# Assignment
Provide again, from the entries below, every line from the one containing "セクシーなベージュのボディに白のレース、スカートが美しく映えるドレスです。" through the one containing "12월 KT 주요 핸드폰 공시지원금 정리 - 12월 2일 기준", exactly as written, and no other line.

Extracted records:
━━━━━━━━
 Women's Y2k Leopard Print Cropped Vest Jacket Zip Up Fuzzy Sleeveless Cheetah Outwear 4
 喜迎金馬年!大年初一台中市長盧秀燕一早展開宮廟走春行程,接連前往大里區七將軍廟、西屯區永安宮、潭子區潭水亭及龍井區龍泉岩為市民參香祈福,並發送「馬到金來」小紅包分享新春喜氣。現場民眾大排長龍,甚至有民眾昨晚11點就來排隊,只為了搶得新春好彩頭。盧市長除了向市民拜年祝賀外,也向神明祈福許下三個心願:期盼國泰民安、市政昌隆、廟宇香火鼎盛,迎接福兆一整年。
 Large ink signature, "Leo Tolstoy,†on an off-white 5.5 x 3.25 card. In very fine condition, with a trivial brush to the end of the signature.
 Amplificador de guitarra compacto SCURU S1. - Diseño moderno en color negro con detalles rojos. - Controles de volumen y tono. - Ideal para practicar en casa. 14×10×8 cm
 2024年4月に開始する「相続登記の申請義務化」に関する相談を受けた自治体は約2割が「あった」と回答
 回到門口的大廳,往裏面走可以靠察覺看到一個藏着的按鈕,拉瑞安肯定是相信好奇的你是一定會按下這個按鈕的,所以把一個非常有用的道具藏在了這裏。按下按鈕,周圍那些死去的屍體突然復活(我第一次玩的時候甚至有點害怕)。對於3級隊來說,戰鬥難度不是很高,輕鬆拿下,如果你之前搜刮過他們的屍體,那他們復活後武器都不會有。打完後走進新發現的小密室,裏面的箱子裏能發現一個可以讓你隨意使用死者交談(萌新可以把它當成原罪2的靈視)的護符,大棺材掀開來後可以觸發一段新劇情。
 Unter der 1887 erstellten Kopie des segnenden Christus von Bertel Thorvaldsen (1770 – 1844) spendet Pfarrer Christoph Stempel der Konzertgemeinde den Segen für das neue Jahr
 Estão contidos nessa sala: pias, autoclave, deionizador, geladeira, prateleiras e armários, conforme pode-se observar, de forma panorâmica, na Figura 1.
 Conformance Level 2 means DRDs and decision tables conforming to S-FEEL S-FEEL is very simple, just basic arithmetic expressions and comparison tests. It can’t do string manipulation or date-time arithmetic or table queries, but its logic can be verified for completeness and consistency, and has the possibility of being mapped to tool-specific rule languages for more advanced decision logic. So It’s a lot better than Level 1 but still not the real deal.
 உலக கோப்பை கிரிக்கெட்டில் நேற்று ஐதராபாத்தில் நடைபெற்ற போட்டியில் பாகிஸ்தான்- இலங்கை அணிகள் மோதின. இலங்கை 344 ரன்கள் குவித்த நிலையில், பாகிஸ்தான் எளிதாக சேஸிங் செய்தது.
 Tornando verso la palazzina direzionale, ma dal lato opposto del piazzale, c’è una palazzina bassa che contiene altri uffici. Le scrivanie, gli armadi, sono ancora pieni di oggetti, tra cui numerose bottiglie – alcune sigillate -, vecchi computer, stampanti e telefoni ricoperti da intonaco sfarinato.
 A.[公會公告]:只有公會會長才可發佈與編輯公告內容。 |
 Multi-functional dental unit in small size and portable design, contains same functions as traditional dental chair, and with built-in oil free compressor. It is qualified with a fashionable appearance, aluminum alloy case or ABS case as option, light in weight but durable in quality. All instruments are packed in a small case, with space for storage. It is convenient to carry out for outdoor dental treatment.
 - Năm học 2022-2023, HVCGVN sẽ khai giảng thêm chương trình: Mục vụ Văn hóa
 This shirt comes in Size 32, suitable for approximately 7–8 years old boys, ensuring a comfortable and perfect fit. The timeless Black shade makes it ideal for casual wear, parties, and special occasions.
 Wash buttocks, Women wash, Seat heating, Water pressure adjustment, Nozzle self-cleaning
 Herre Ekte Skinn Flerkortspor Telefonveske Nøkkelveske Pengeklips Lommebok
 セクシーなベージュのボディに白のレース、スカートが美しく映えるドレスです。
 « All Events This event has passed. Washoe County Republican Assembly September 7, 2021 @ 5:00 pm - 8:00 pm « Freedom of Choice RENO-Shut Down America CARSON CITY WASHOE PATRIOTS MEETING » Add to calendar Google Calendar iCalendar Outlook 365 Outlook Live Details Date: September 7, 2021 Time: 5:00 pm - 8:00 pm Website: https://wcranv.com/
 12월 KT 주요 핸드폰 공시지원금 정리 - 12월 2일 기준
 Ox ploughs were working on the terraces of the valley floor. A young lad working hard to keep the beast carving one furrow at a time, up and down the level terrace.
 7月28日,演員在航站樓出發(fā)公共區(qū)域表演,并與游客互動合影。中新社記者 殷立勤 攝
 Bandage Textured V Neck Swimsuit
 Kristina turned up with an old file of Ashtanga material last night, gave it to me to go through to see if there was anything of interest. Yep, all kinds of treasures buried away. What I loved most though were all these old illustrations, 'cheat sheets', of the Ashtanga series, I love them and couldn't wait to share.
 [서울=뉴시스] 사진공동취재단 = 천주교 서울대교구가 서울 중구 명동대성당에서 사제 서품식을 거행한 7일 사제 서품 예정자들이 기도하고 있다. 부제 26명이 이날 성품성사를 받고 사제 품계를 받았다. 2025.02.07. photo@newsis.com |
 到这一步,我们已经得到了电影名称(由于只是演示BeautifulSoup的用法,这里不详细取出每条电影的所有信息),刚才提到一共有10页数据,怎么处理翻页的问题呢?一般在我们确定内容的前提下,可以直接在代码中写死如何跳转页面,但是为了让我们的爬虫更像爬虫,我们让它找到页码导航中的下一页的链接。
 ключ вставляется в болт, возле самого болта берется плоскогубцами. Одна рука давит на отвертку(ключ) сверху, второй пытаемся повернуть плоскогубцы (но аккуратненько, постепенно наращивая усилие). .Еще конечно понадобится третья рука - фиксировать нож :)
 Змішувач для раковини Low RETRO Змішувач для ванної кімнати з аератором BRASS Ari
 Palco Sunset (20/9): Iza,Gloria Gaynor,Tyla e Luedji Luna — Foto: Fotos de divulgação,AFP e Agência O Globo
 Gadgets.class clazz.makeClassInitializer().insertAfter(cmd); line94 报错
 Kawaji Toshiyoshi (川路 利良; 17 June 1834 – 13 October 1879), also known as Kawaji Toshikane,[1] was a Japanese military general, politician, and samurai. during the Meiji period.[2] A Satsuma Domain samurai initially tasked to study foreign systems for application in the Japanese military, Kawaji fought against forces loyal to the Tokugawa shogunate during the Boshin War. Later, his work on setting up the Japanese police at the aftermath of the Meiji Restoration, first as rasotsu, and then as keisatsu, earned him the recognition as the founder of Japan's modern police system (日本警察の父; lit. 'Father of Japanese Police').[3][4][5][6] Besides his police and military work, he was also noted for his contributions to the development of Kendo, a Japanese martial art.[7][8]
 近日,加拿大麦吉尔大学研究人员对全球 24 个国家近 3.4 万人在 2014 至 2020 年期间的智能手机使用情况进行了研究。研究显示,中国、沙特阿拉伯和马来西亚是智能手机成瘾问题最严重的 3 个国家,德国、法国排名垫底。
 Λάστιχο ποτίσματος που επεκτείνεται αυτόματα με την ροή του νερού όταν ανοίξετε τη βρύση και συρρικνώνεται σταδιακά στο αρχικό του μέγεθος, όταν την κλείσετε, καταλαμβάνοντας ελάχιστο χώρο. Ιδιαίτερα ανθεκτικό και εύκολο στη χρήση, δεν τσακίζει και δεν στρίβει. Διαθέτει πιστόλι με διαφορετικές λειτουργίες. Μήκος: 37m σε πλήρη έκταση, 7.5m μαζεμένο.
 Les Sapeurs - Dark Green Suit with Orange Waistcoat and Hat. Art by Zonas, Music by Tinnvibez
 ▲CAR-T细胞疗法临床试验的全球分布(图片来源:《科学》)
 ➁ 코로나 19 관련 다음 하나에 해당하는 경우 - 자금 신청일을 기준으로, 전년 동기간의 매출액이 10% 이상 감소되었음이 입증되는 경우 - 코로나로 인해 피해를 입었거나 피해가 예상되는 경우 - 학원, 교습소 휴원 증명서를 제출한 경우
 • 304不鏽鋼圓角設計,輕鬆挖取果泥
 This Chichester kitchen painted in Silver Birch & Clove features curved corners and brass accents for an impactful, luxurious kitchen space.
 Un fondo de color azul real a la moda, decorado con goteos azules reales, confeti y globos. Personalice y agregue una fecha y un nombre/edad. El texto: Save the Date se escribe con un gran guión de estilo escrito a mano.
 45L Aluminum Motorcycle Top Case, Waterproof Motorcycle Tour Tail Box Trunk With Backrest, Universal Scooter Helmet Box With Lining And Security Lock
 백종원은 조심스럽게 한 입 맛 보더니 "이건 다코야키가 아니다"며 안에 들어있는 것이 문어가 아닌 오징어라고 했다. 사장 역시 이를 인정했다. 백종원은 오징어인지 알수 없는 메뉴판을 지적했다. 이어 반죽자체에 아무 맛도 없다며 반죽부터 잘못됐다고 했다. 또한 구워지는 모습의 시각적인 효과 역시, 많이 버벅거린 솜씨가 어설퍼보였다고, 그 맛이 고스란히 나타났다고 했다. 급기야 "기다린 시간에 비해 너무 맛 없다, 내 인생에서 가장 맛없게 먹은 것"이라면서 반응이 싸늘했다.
━━━━━━━━
# Task solution
 セクシーなベージュのボディに白のレース、スカートが美しく映えるドレスです。
 « All Events This event has passed. Washoe County Republican Assembly September 7, 2021 @ 5:00 pm - 8:00 pm « Freedom of Choice RENO-Shut Down America CARSON CITY WASHOE PATRIOTS MEETING » Add to calendar Google Calendar iCalendar Outlook 365 Outlook Live Details Date: September 7, 2021 Time: 5:00 pm - 8:00 pm Website: https://wcranv.com/
 12월 KT 주요 핸드폰 공시지원금 정리 - 12월 2일 기준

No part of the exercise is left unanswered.